Tongues – A Human Language Or Just Gibberish?
By Patrick Donahue | Alabama, USA
Were the tongues in the Bible just gibberish like what we see in so called “Pentecostal” churches today? I’ve been to a number of services where people were claiming to speak in tongues, but it just sounded like a bunch of gibberish to me. Is that what we see in the New Testament? Let us answer that question from the Bible.
Acts 2 would be a good place to start because that is the first place we see Christians speaking in tongues in the New Testament. Verse 4 in the NKJV says the apostles spoke with “other tongues.” I am currently studying via phone with a lady who has spent her entire adult life in New York, but she was brought up in the country of Columbia. She speaks English very well, but if I were to ask you “What is her native or mother tongue?,” how would you answer? Spanish, right? You see how the word “tongue” is used to refer to a human language?

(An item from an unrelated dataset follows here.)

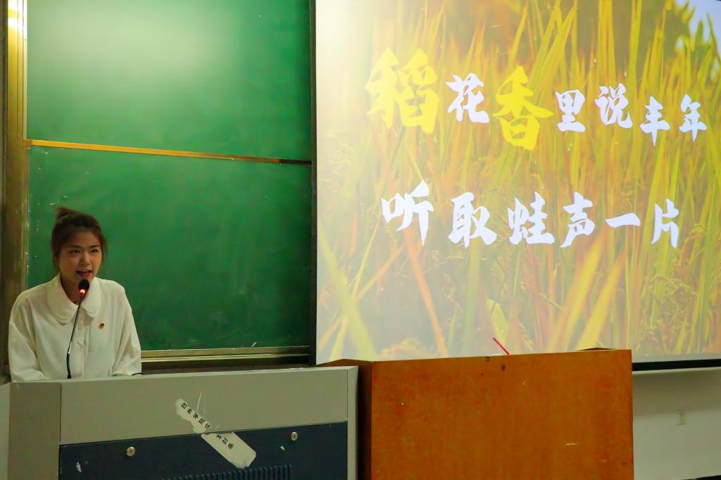 “新声”宣讲团成员金子琰介绍了“温州粮仓”——平阳县极响应“八八战略”的号召,以耕地“非粮化”整治为抓手,不断夯实粮食安全根基,让“良田”回归“粮田”属性,全力守好“米袋子”,让一颗颗稻种变为了一颗颗致富的“金种子”。

And the same thing is going on in Acts 2. As we said, verse 4 says the apostles spoke with “other tongues.” That would mean languages other than what the apostles were used to speaking in. We know that from verse 6 because it says their audience (from “every nation under heaven” – verse 5) heard the apostles speak in the listener’s “language.” So the apostles spoke in tongues but “every man heard them speak in his own language.” See how “tongue” means human “language” here, not just gibberish?
Continuing on, the audience says in verse 8 they were hearing the preaching in their own “language” while the same audience says in verse 11 they were hearing the preaching in their own “tongues.” Again, do you see how the words “tongue” and language” (referring to an actual human language) are used interchangeably? The point of speaking in tongues was so that a person who had never studied a particular foreign language could be miraculously enabled to speak in such foreign language so he could immediately communicate the gospel to an audience that didn’t speak his language. The people claiming to do that today never speak in an actual foreign (human) language; instead it is just a bunch of nonsensical syllables strung together randomly. Plain and simple – it is gibberish. It is not even a second cousin to the miraculous tongues we read about in the Bible that ceased when the New Testament was completely revealed and put together according to I Cor. 13:8-13.